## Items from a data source
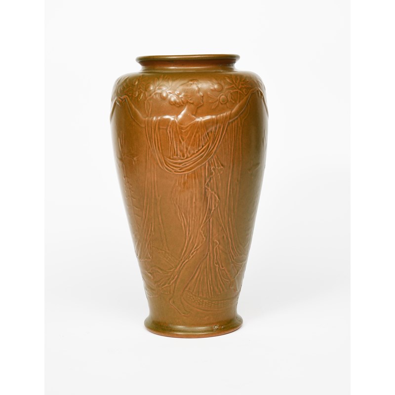 An early Pilkington's Lancastrian Maiden vase designed by Walter Crane, shape no.2089, tall, shouldered form, modelled in low relief with three dancing classical maidens in a formal garden setting, glazed matt olive over orange impressed early P mark, 33.5cm. high
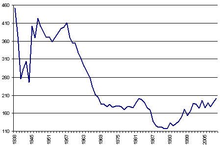 Fréquentation des salles de cinéma en Franceen millions de spectateurs par an, depuis 1938
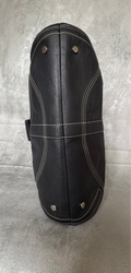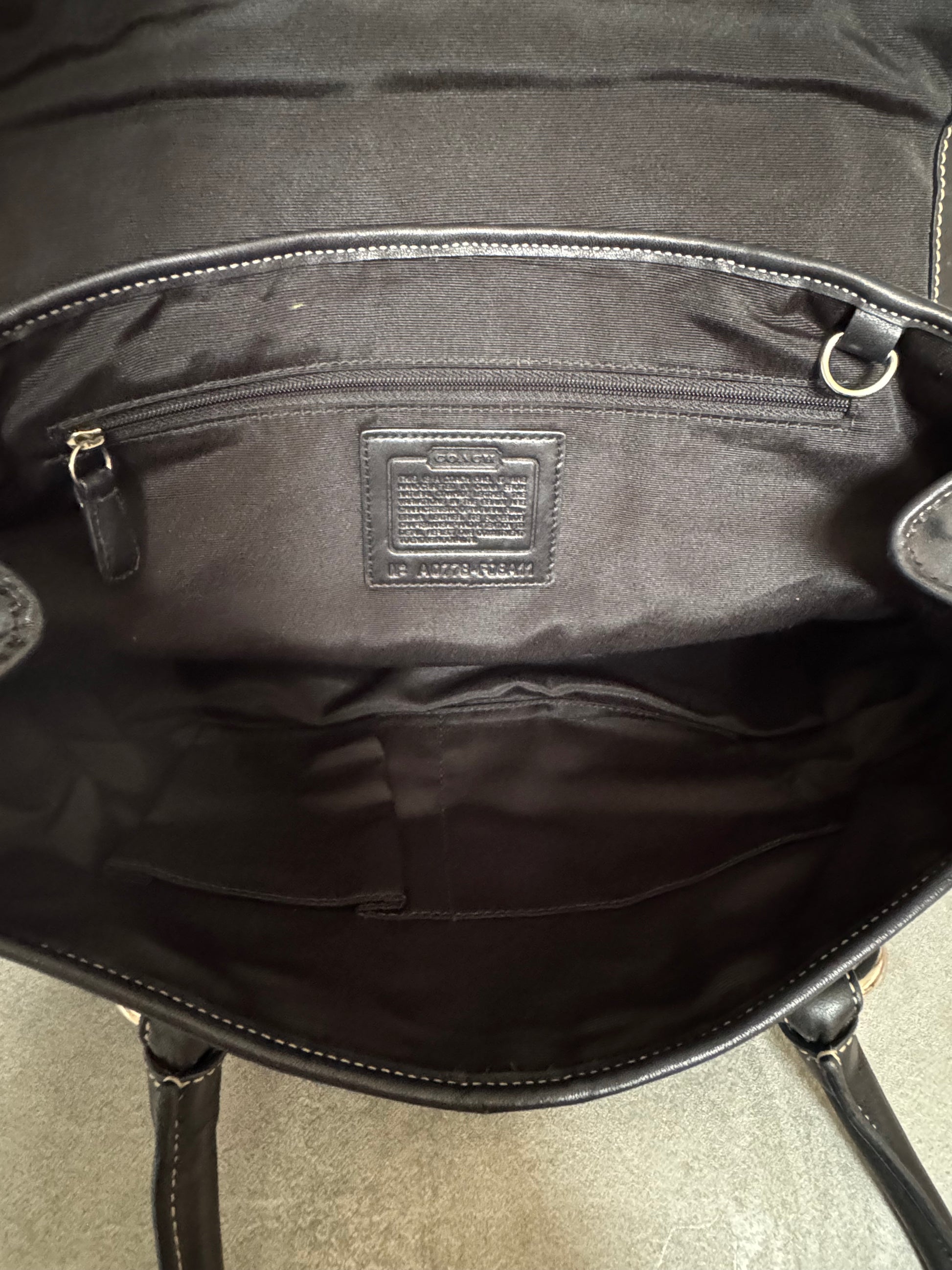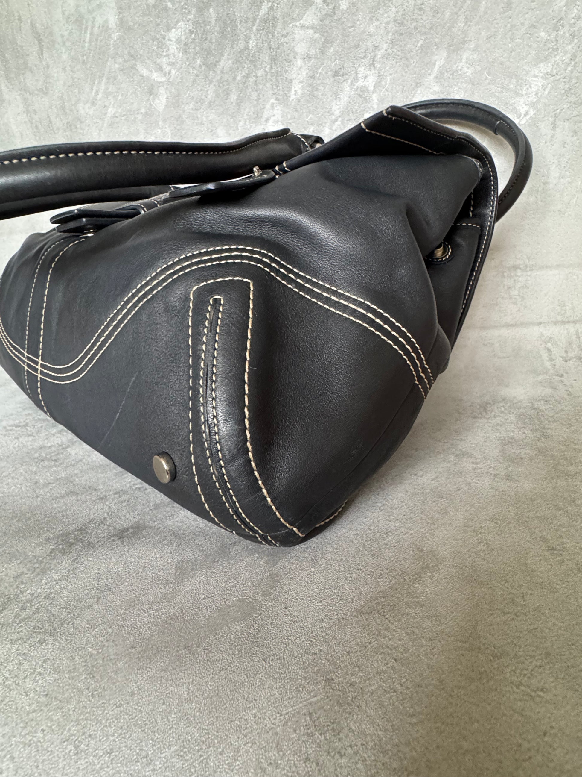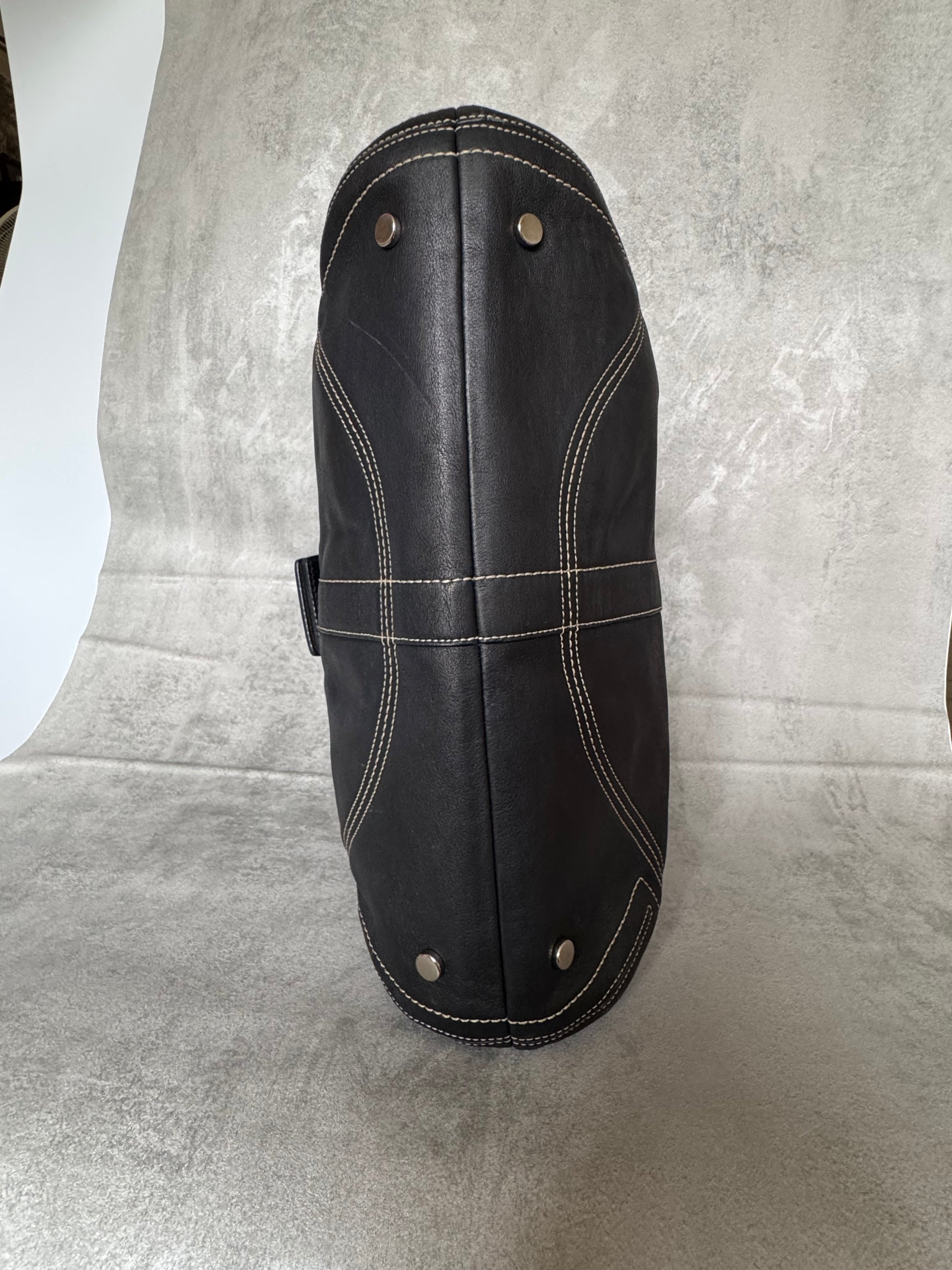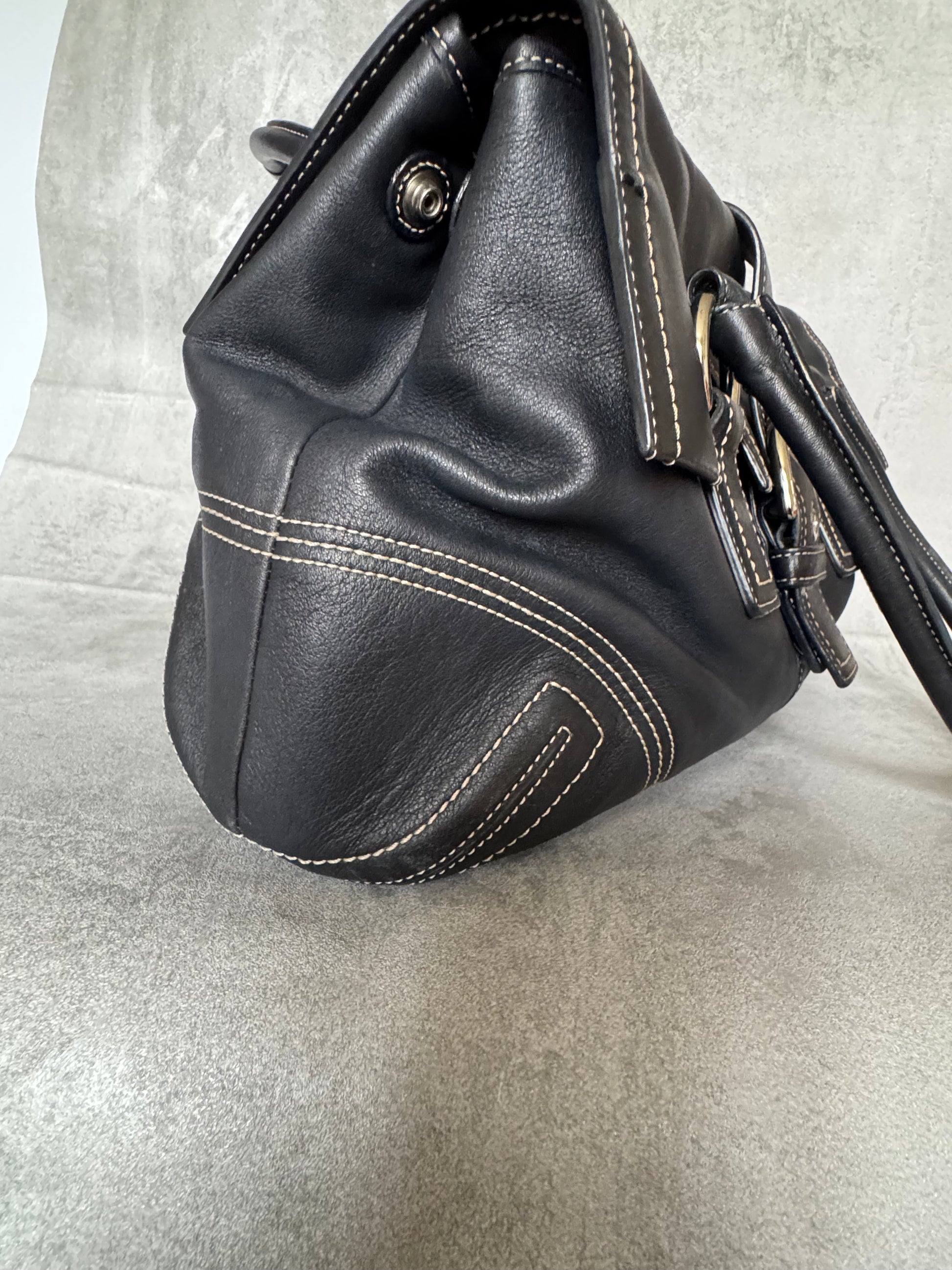 Supple black leather with bold contrast stitching and polished silver-tone hardware. Structured silhouette with dual top handles and a flap front detailed with oversized buckle straps — retro Coach character, everyday practical.
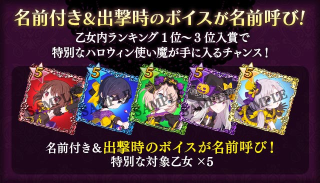 各乙女内ランキング1位~3位入賞で出撃時にプレイヤーの名前を呼ぶ使い魔がもらえる各乙女ごとの「STG(シューティング)名前呼び使い魔券」を入手することができます。
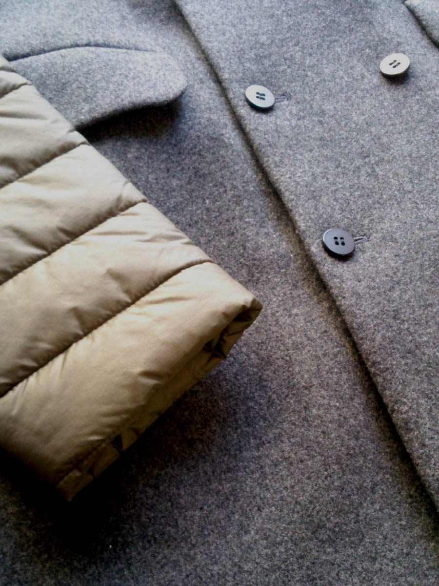 カジュアルなイメージのナイロンキルティングと、上品なメルトン生地という
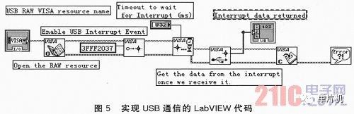 在LabVIEW开发环境中,使用“VISA打开”模块打开USB设备,在“VISA启用事件”模块中使能USB中断,在“VISA等待事件”模块中设置超时时间。设置完成后,可在“VISA获取USB中断数据”模块中得到USB数据。实现USB通信的LabVIEW代码如图5所示。
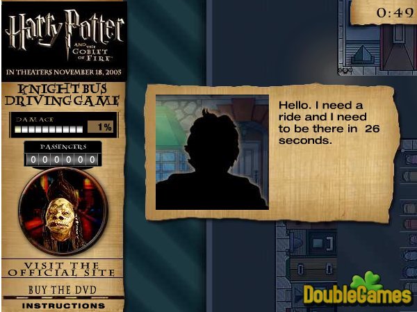 Zápletka filmu "Harry Potter and the Prisoner of Azkaban" je zakomponován do nové on-line hry s názvem Harry Potter: Knight Bus Driving. Máte řidičák? Jestli ne, tak si ho musíte co nejdříve opatřit, protože budete řídit kouzelný autobus! Řídíte Knight Bus, abyste vozili pasažéry, kteří jsou z jiného světa. Máte cíl cesty, kam je musíte dovézt. Postupujte podle zelené šipky, abyste našli pasažéry. Ale musíte pospíchat, na naložení máte jen 30 sekund. Nenaražte do budov, abyste neztráceli body! Dejte se do hry Harry Potter: Knight Bus Driving on-line a procvičte si své řidičské schopnosti!

## YOUR ASSIGNMENT
Restate the data word for word and exclude every picture.

## ANSWER TO THE PROBLEM
 An early Pilkington's Lancastrian Maiden vase designed by Walter Crane, shape no.2089, tall, shouldered form, modelled in low relief with three dancing classical maidens in a formal garden setting, glazed matt olive over orange impressed early P mark, 33.5cm. high
 Fréquentation des salles de cinéma en Franceen millions de spectateurs par an, depuis 1938
 Supple black leather with bold contrast stitching and polished silver-tone hardware. Structured silhouette with dual top handles and a flap front detailed with oversized buckle straps — retro Coach character, everyday practical.
 各乙女内ランキング1位~3位入賞で出撃時にプレイヤーの名前を呼ぶ使い魔がもらえる各乙女ごとの「STG(シューティング)名前呼び使い魔券」を入手することができます。
 カジュアルなイメージのナイロンキルティングと、上品なメルトン生地という
 在LabVIEW开发环境中,使用“VISA打开”模块打开USB设备,在“VISA启用事件”模块中使能USB中断,在“VISA等待事件”模块中设置超时时间。设置完成后,可在“VISA获取USB中断数据”模块中得到USB数据。实现USB通信的LabVIEW代码如图5所示。
 Zápletka filmu "Harry Potter and the Prisoner of Azkaban" je zakomponován do nové on-line hry s názvem Harry Potter: Knight Bus Driving. Máte řidičák? Jestli ne, tak si ho musíte co nejdříve opatřit, protože budete řídit kouzelný autobus! Řídíte Knight Bus, abyste vozili pasažéry, kteří jsou z jiného světa. Máte cíl cesty, kam je musíte dovézt. Postupujte podle zelené šipky, abyste našli pasažéry. Ale musíte pospíchat, na naložení máte jen 30 sekund. Nenaražte do budov, abyste neztráceli body! Dejte se do hry Harry Potter: Knight Bus Driving on-line a procvičte si své řidičské schopnosti!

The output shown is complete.